How can businesses avoid invoice fraud?
Every company or organisation is vulnerable to invoice fraud. The key again is the human firewall and the awareness and vigilance of every member of staff within a company or organisation.
If there is a change to a normal payment, it has to be verified and for your own sake. You need to be able to prove you’ve verified it and taken all reasonable precautions to ensure the request is legitimate.
How can businesses stay safe when making payments?
Aside from making sure staff stay cautious and attentive, you should always check for irregularities including changes to supplier names and addresses and changes to invoiced amounts.
Modifications to supplier financial arrangements should be validated against any on-file supplier details. When a supplier invoice has been settled, best practice is to inform them, notifying them which account the payment was made to.
Your accounts team needs to check your bank statements carefully. Any suspicious debits should be reported to your bank as soon as possible.
Pay attention to your gut feelings too – if you’re uneasy about a request from a caller, say you’ll call them back and use your on-file contact details, not any number they might leave you with.
What about when receiving payments from customers?
A lot of business is now done online and this type of payment is another area of risk. If you accept payments via your website, make sure you’ve had your website independently checked with a proper Penetration (Pen) Test. This will tell you whether there are any known vulnerabilities you’re unaware of.
If you’re receiving credit card payments, you will also need to ensure you’re PCI compliant as this protects how your staff handle card details within the business, so they can’t be used fraudulently.
How can businesses keep their financial data safe from cyber criminals?
Start by assessing the internal and external vulnerabilities that can affect your business, and educate yourself and your team on how hackers can gain entry.
Make sure you have a security policy in place which is inherent in your culture.

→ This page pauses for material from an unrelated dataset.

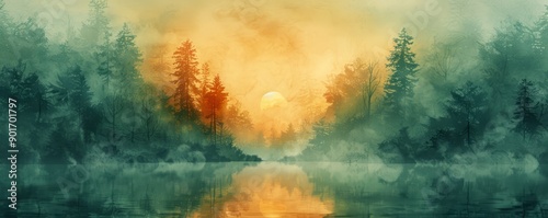 Abstract foggy forest with a hidden pond in watercolor.

Make sure staff use complex, unique passwords (that aren’t shared) and maintain a clean desk environment to protect personal and confidential information.

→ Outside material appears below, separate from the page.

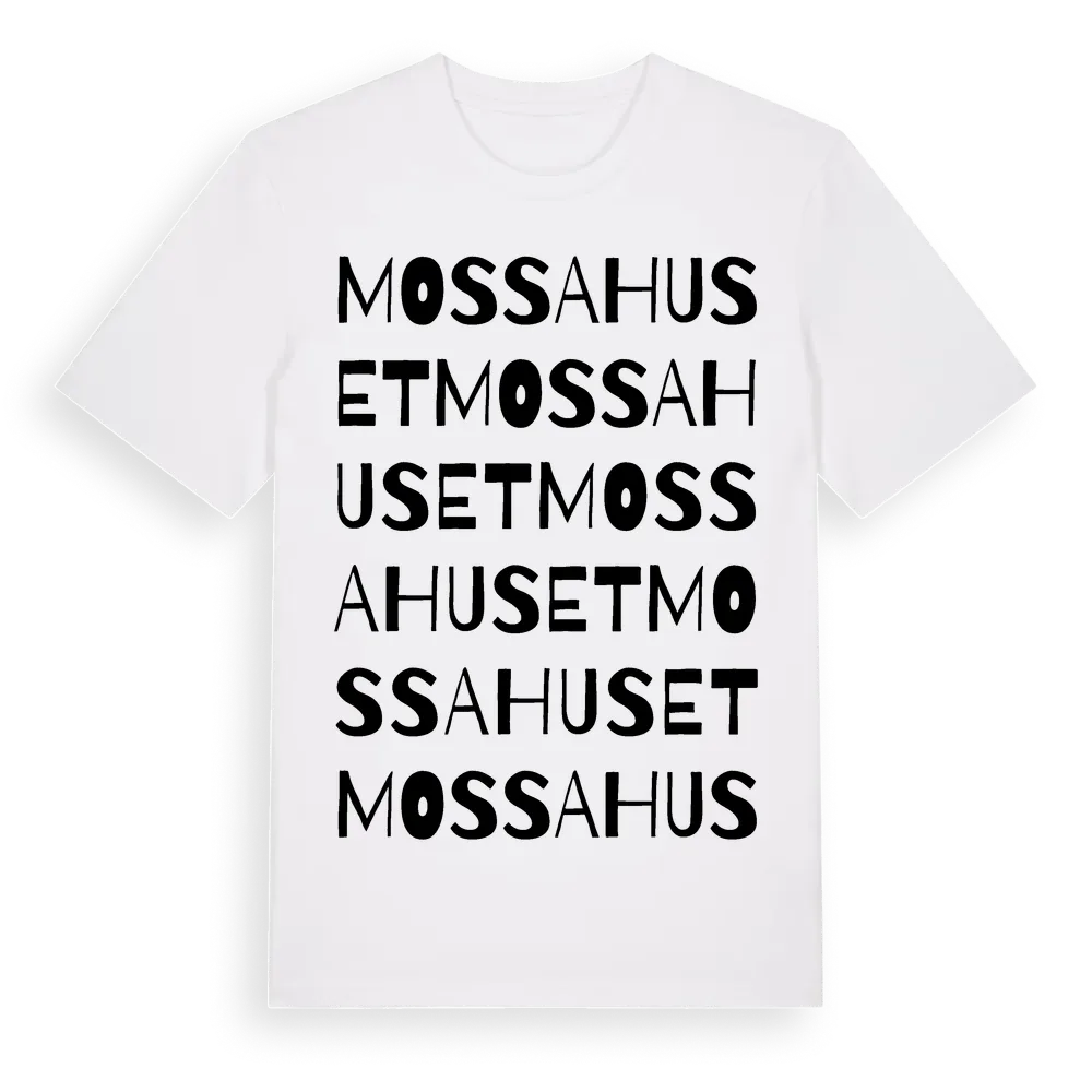Mossahuset ordlek t-shirt är inspirerad av Mossahuset i Skåne län, Sverige. Tröjan är designad för dig som har en speciell koppling till platsen – oavsett om du bor här, har rötterna här eller bara älskar Mossahuset.

Don’t trust emails – verify them, use the phone and talk to the right people. Make sure your systems and software are patched and up to date. Ransomware epidemics such as Wannacry only worked on unpatched systems.
Just like any other form of disaster recovery, you need to have an incident response plan in your business that is widely understood and regularly practiced.
Why is it bad for businesses to use paper cheques and paper invoices?
My first response is that it is highly inefficient – they waste time and add additional labour, while slowing down the invoice and payment process. But it is also easier to commit fraud with paper-based systems – paper invoices or the occasional cheque are far easier to misappropriate than a secure digital system.
What cybersecurity measures should businesses put in place to stay safe?
On the technology front, I recommend you get certified for CyberEssentials – this is a big step forward for peace of mind and will likely reduce your insurance costs too. On the people side, if you’re not already training your staff about cybersecurity and the risks that we all face, I encourage you to start doing so now.
But the training needs to go pretty deep and it needs to be sustained – it’s not a one-off exercise. An intelligent person needs to hear something six times before they get it – and not everyone you work with is intelligent! Build your human firewall strong, build it high and stay safe.